Stored items:
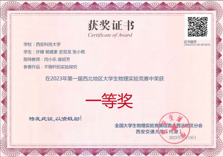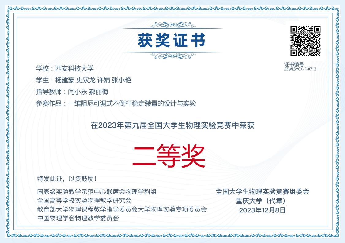 2023年11月26日,第九届全国老员工物理实验竞赛(创新)全国决赛在重庆大学落下帷幕。公司学子在比赛中取得佳绩,共获得国家级二等奖2项,省级一等奖2项、二等奖1项,三等奖2项,优秀组织奖1项,成绩优异。
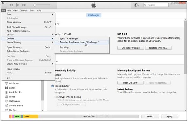 3. 现在转到文件 > 设备 > 从 iPhone 传输购买内容。将弹出一个框,只需输入您的 Apple ID。之后,它将开始将音乐从手机复制到 iTunes 资料库。完成后,您可以在 iTunes 资料库中查看所有购买的音乐。
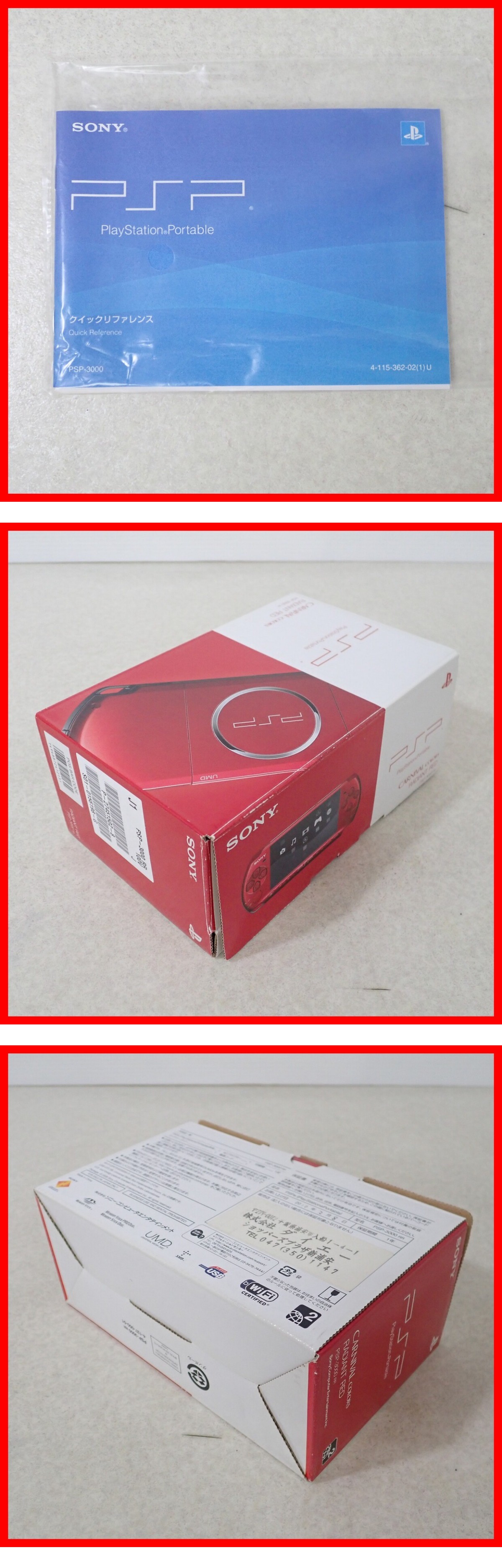> 動作品 PSP プレイステーションポータブル 本体 PSP-3000 ラディアント・レッド RADIANT RED ソニー SONY 箱説付 即決【10
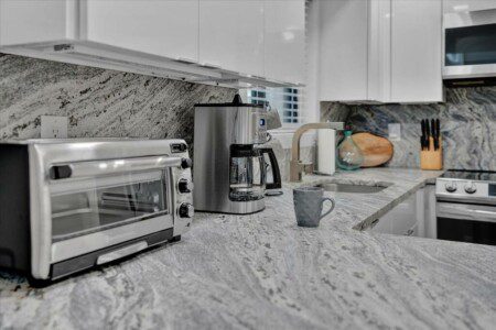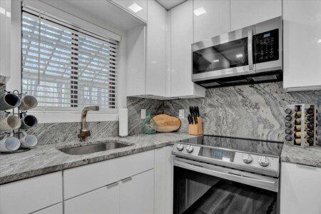GOURMET KITCHEN: Refrigerator, stove/oven, microwave, dishwasher, coffee maker, toaster, cooking basics, spices, dishware/flatware
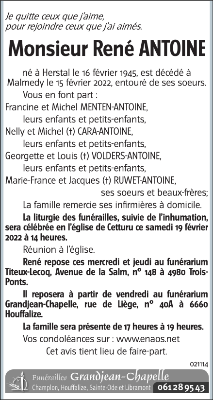 Décédé à Malmedy (4960) le mardi 15 février 2022 à l'âge de 76 ans
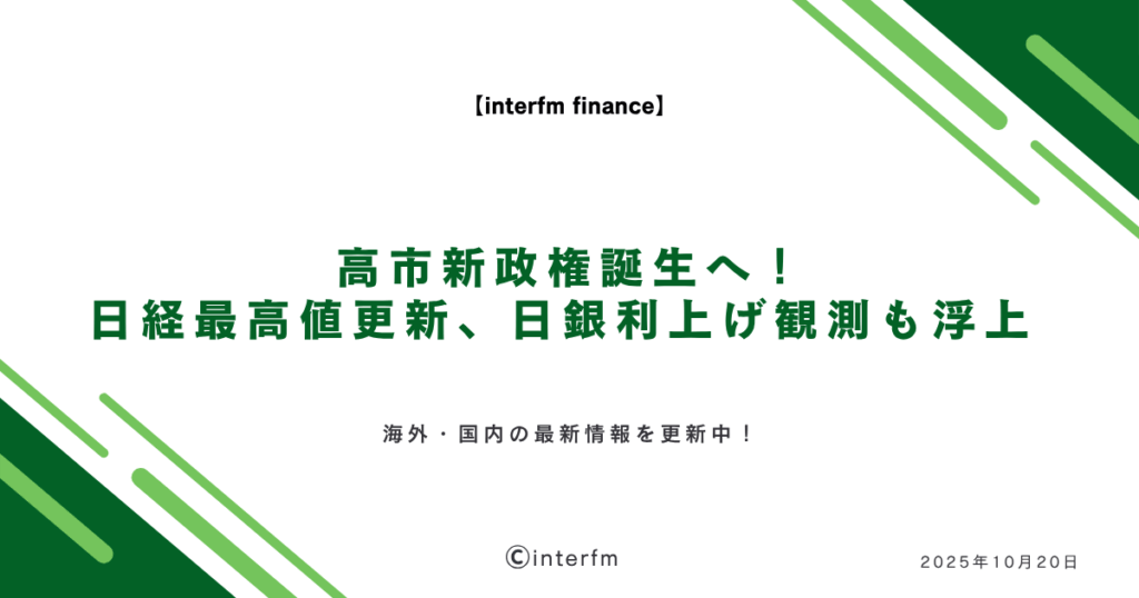 皆さま、おはようございます!FX編集部の田中です。 週明けの海外市場は、日本の政治情勢が大きく動いたことで、為替・株式市場ともに活発な動きとなりました。前週末のNY市場では主要3指数が揃って上昇し、リスクオン(投資家のリスク選好)の流れが継続... -

■ **Work task**
Output should consist of the lines above from the one with "basics, spices, dishware/flatware" down to the one with "Décédé à Malmedy (4960)", exact and without pictures.

■ **Response to the task**
GOURMET KITCHEN: Refrigerator, stove/oven, microwave, dishwasher, coffee maker, toaster, cooking basics, spices, dishware/flatware
 Décédé à Malmedy (4960) le mardi 15 février 2022 à l'âge de 76 ans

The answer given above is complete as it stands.